* **What to do**
From the line that contains "领先生外搭小披肩装 假衣领毛线绣花蕾丝领百搭 饰领双层欧根纱衬衫" to the final line of the records below, print each line exactly and leave every picture out.

• • • •

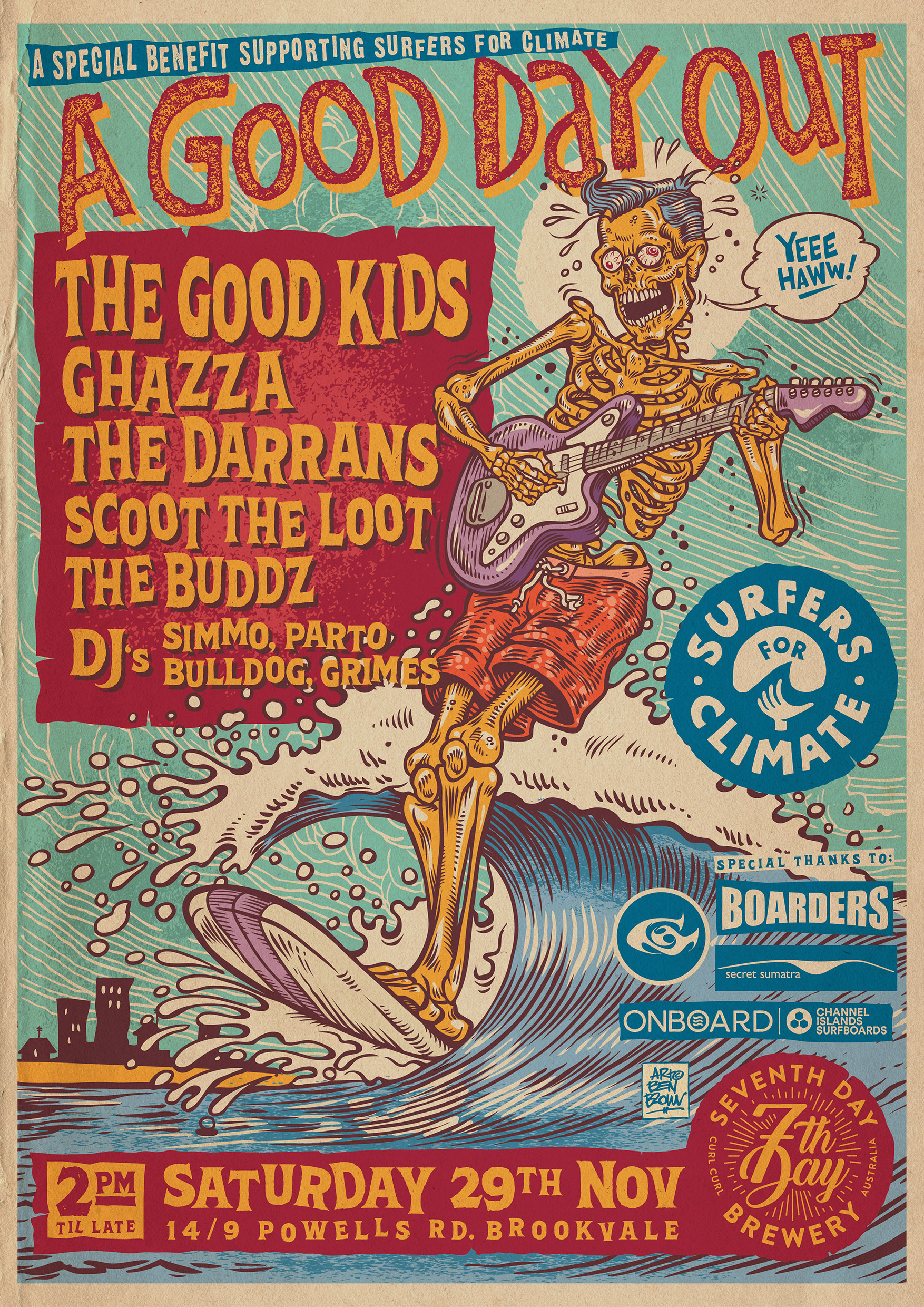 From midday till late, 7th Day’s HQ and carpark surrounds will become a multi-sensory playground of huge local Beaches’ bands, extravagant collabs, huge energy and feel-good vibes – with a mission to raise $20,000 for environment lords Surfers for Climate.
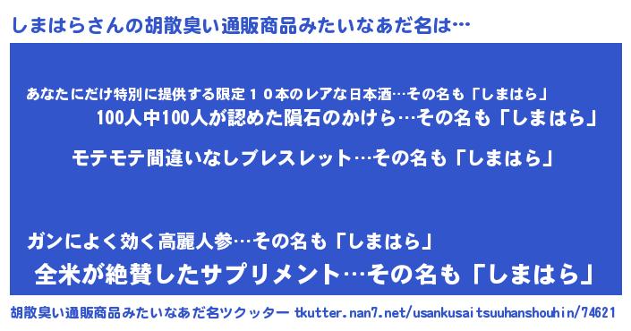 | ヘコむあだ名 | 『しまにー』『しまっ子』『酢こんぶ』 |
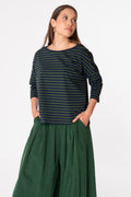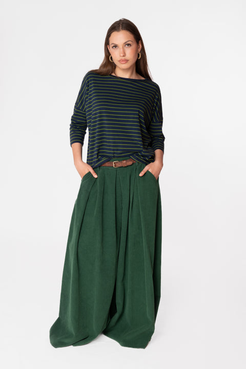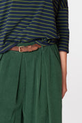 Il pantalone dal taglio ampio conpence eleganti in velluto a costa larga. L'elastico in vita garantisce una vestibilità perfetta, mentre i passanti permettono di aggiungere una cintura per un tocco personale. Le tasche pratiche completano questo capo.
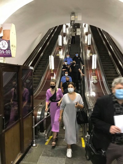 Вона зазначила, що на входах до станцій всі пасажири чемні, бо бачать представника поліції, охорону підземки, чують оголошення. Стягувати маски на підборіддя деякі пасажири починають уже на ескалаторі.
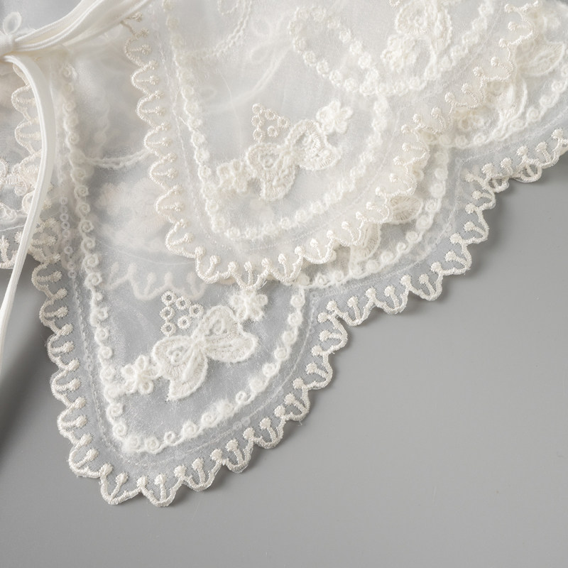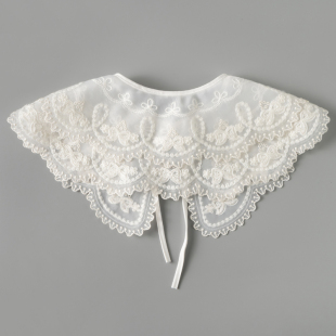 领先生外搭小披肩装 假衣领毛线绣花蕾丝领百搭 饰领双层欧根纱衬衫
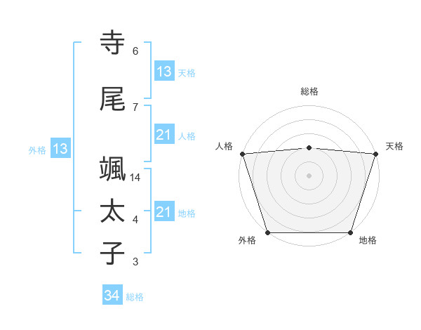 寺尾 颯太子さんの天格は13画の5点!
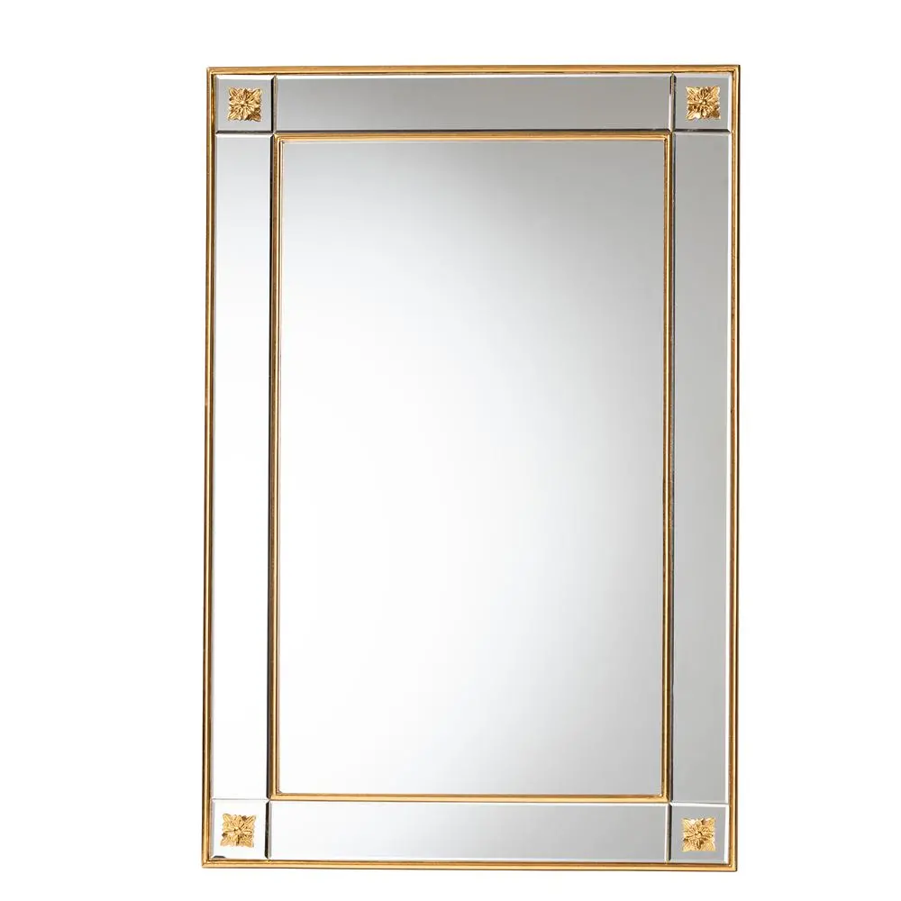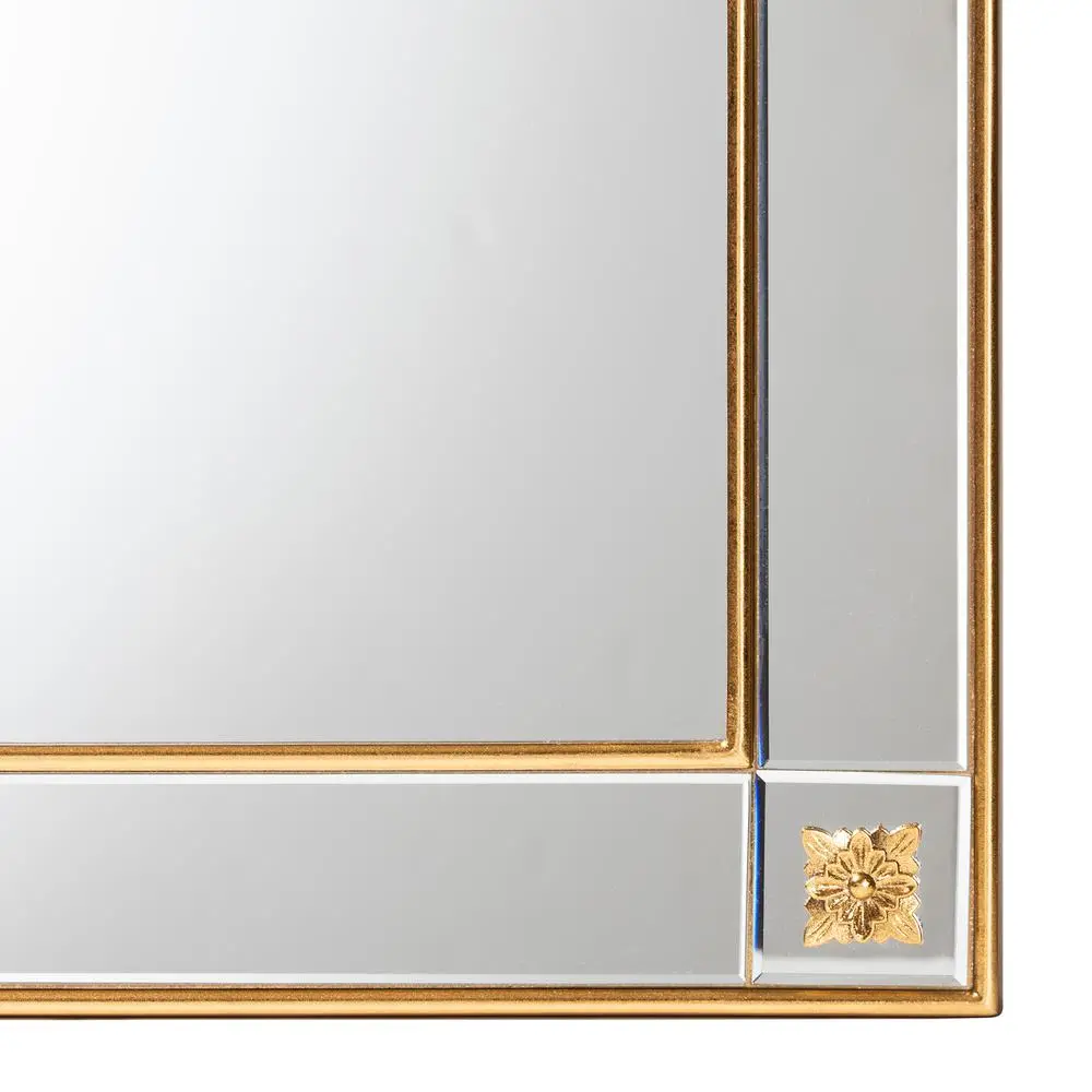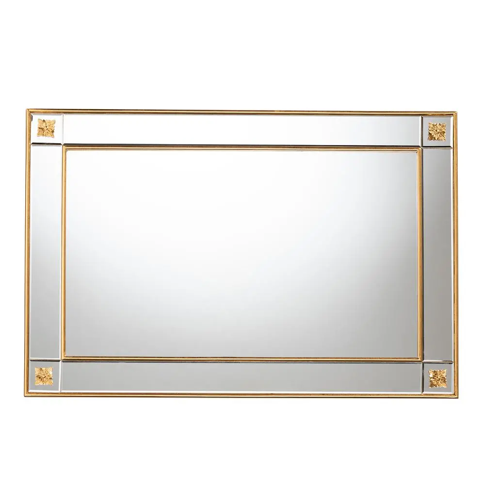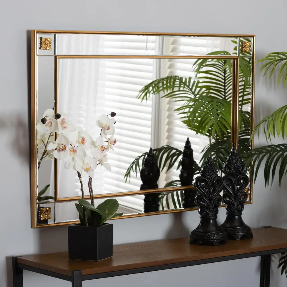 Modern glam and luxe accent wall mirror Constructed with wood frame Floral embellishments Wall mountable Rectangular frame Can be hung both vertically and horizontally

• • • •

* **Result of the exercise**
 领先生外搭小披肩装 假衣领毛线绣花蕾丝领百搭 饰领双层欧根纱衬衫
 寺尾 颯太子さんの天格は13画の5点!
 Modern glam and luxe accent wall mirror Constructed with wood frame Floral embellishments Wall mountable Rectangular frame Can be hung both vertically and horizontally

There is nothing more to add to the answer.